# Wirelss Conneciton problems in Advent 4211



## gdeblander (Oct 9, 2008)

My new Advent 4211 seems to have a mind of its own when it comes to connecting or evenrecognising wireless networks. Seems unrelated to status ofthe network I'm trying to locate as my partner using his Dell ALWAYS manages to identify networks. Can anybody help?


----------



## etaf (Oct 2, 2003)

is this all network or just one network ?

would you also be specific about "mind of its own" what happens

try taking the secruity of the router - see if that improves, you may also need to change channels on the router as inrterference may be the cause


----------



## pockz (Oct 15, 2008)

I have just bout the same laptop this week... and the wireless feature is doing my head in... it can pick up networks and log on... but it keeps disconnecting... i phoned up the techguys.. they said that the network card (realtek 8119) needs updating.. and told me to go to their website and download the driver update... problem is their site doesnt seem to work on any computer i try to access it on... so i went to realtek website to find the driver and its all too confusing for me... could someone PLEASE PLEASE help me find the driver up date for realtek network card 8119 for advent 4211 laptop running on windows xp!!!

thanks in advance


----------



## Mikey007 (Oct 25, 2008)

Hi,

I had exactly the same problems with wireless connection when I first bought my 4211. The problem wasn't the drivers (although I always update them) but the channel my router was on. Our router was configured for channel 13 because it is quiet. The problem is, the 4211 wireless card can only go up to 11! Most of my neighbours are on 1 which is the default channel so I had avoided it. Our existing computers all worked with 13 ok but not the 4211!

It sounds like the problem you have is too many neighbours on the same channel as you. This could explain seeing it sometimes and it dropping connection other occasions. My brother had this problem so I changed him to channel 4 on the router and all is well. The Dell is obviously getting better reception or is configured directly for the channel your routr is set to.

As far as the driver is concerned, click here to download the Realtek 8187se driver directly:

http://global.msi.com.tw/index.php?func=driverfile&dno=6922&i=1

Please note I get my drivers from MSi directly. I take it you know that you have a re-badged MSi Wind U100 (they made the laptop). Also, I don't know of the wifi card you mention (Realtek 8119) being used in the 4211. They do use three different models but I am only aware of one Realtek!

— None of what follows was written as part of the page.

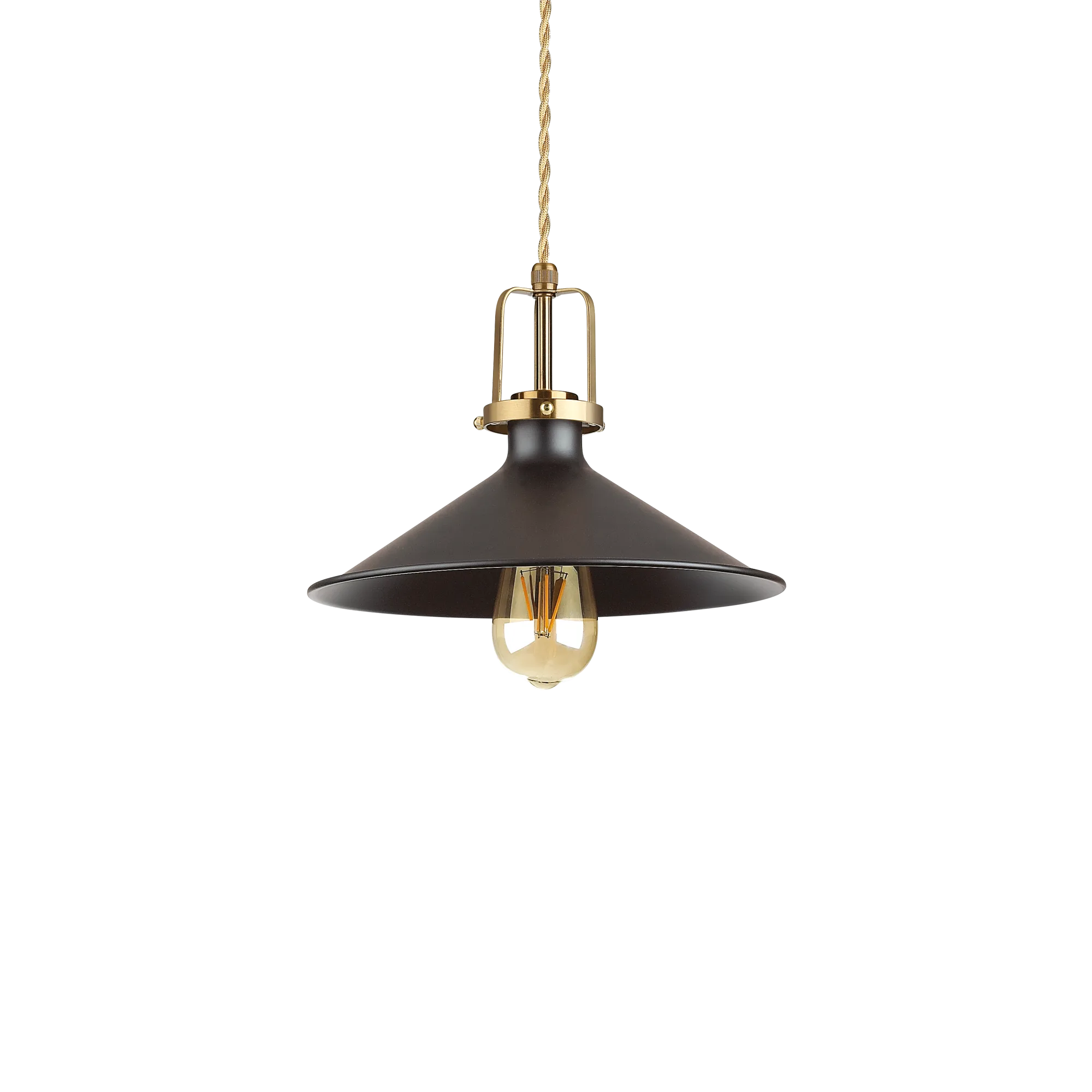 Monture en métal avec pavillon et diffuseur vernis en blanc ou noir mat. Détails avec finition en or satiné. Câble électrique torsadé recouvert en tissu.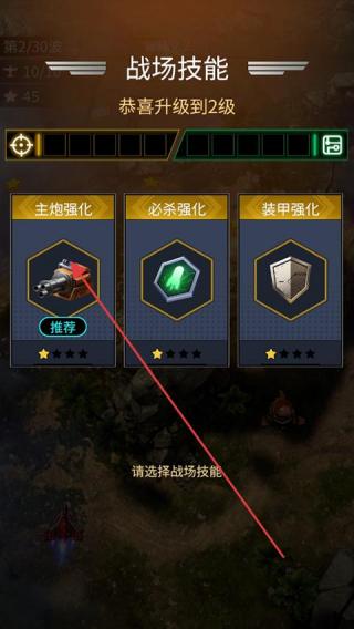 3、戰(zhàn)機(jī)升級(jí)后出現(xiàn)戰(zhàn)場(chǎng)技能選擇界面可在主炮強(qiáng)化、必殺強(qiáng)化、裝甲強(qiáng)化中挑選技能增強(qiáng)戰(zhàn)力。

Did you get the number from the sticker underneath your 4211? If not, it is the middle of the three stickers that says, "RF Module inside:" The third row of this label lisits your model number such as RTL8187se

I hope this helps.

Oh here is the link for the other downloads:

http://global.msi.com.tw/index.php?func=downloaddetail&type=driver&maincat_no=135&prod_no=1474

Most haven't changed.

Good luck


----------



## Mikey007 (Oct 25, 2008)

Did you know this laptop is very easy to upgrade the RAM to 2 GB and it only costs £12.99?


----------



## dcompton (Oct 30, 2008)

yep I got a advent 4211 this week to replace my old ibm.

its great, but the wireless is terrible. just keeps dropping off every few mins. it makes it unusable.

If you search online there are hundreds of people with the same problem, so I am amazed this is being taken more seriously.

I tried flashing the bios to 1.09, still had the same problem.

I tried update the drivers via the manufacturers website, still had the same problem.

*But I managed to fix mine today*:up: and has worked faultlessly all day long, has not dropped off wifi since I done this.

Run windows update, select CUSTOM, then install both the ms realtec drivers windows offers, reboot and it fixes it. Don't know why these drivers fix it and the manufacturers don't, but worked for me.

Make sure do custom and not express ms update as it wont suggest them as they optionals.

I was also getting terrible packet loss on pings with the supplied drivers, over 1000ms to yahoo no matter when I did it and internal ones were bad. now they only 100ms max so shows the supplied drivers and messed up.


----------



## drongodrew (Nov 23, 2008)

Hey thanks for posting that MSI wlan driver link. This seems to have totally sorted my wifi switching on and off after just 20 minutes. It also seems to have made my battery last a lot longer. Don't know how that works but it's true.


----------